===============
Getting started
===============
Installation
------------
PyCroXe is publicly available on `PyPI `_, so you can just:
.. code-block:: console
pip install pycroxe
Required Python dependencies
............................
These will install automatically along with PyCroXe.
* `NumPy `_ (1.26 or later)
* `xarray `_ (2024.1 or later)
* `SQLAlchemy `_ (2.0 or later)
* `MariaDB Connector for Python `_
(1.1 or later)
Required external dependencies
..............................
These require manual installation.
* Python (3.12 or later)
* `MariaDB C Connector `_
* A remote or local instance of `CroXe `_
.. important::
The MariaDB C Connector requirement it's only mandatory for the current
MariaDB Python Connector 1.1.14 release, or any previous one. With the
shortly upcoming 2.0 release, it will be possible to install MariaDB Python
Connector without any external dependency. If you are trying to install
PyCroXe and MariaDB Python Connector is still in its 1.1.14 release, please
install MariaDB C Connector first!
Usage
-----
tl;dr
.....
.. code-block:: python
import numpy as np
from pycroxe import connect, get_species_properties
from pycroxe.beam import get_cross_sections_by_projectiles
energies = np.geomspace(10, 1e5, 200) # energies in eV
with connect() as conn:
sigma = get_cross_sections_by_projectiles(
conn,
energies,
initial_projectiles=["H3+", "H2+", "H+"],
target="H2",
)
species_data = get_species_properties(
conn,
symbols=sigma.coords["product"].to_numpy().tolist(),
)
But please, find some time to read the rest of the official docs!
Connecting
..........
PyCroXe provides a :py:func:`pycroxe.connect` function that can be used, as the
name obviously suggests, to connect to any network-reachable instance of CroXe.

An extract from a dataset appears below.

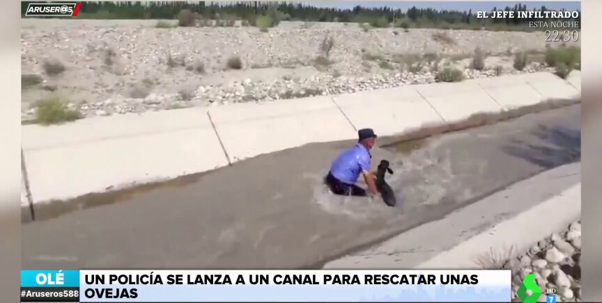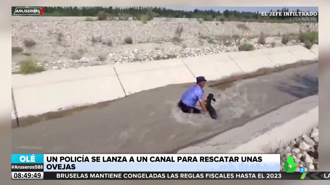 Un policía salva a varias ovejas y un perro de morir ahogados en un río

The intended usage is within a ``with`` statement; this will make
:py:func:`pycroxe.connect`, if no argument is provided, return an instance of a
:py:class:`pycroxe.CroXeConnection` class, acting as a context manager, with an
open connection pointing towards the default URL
``mariadb+mariadbconnector://croxe-guest@localhost/CroXe``:
.. code-block:: python
from pycroxe import connect
with connect() as conn:
...
PyCroXe URLs follow the
`SQLAlchemy pattern `_
(``dialect+driver://username@host:port/database``) and can be provided to the
:py:func:`pycroxe.connect` function, in order of descending precedence, by:
#. directly passing them as argument
.. code-block:: python
with connect(
"mariadb+mariadbconnector://user@server.institute.org/CroXe"
) as conn:
...
#. setting up the environment variable ``CROXE_DB``
.. code-block:: bash
# if using bash
export CROXE_DB="mysql+pymysql://user@server.institute.org/CroXe"
#. changing specific parts of the default URL with keyword arguments
.. code-block:: python
with connect(
host="server.institute.org",
user="user",
connector="mariadb+mariadbconnector",
database="CroXe_2_electric_boogaloo"
) as conn:
...
.. note::
:py:func:`pycroxe.connect` can also be used outside ``with`` statements, but
notice that this will return a closed instance of a
:py:class:`pycroxe.CroXeConnection` class that must be opened and closed
manually with the corresponding methods:
.. code-block:: python
from pycroxe import connect
conn = connect()
conn.open()
...
conn.close()
At this point, if you really wish not to use a ``with`` statement, you can
just use the :py:class:`pycroxe.CroXeConnection` class instance builder, to
which you can provide URLs in the same manner as to
:py:func:`pycroxe.connect`:
.. code-block:: python
from pycroxe import CroXeConnection
conn = CroXeConnection("mysql+pymysql://user@server.institute.org/CroXe")
conn.open()
...
conn.close()
.. caution::
Using :py:func:`pycroxe.connect` and/or :py:class:`pycroxe.CroXeConnection`
outside ``with`` statements is strongly discouraged!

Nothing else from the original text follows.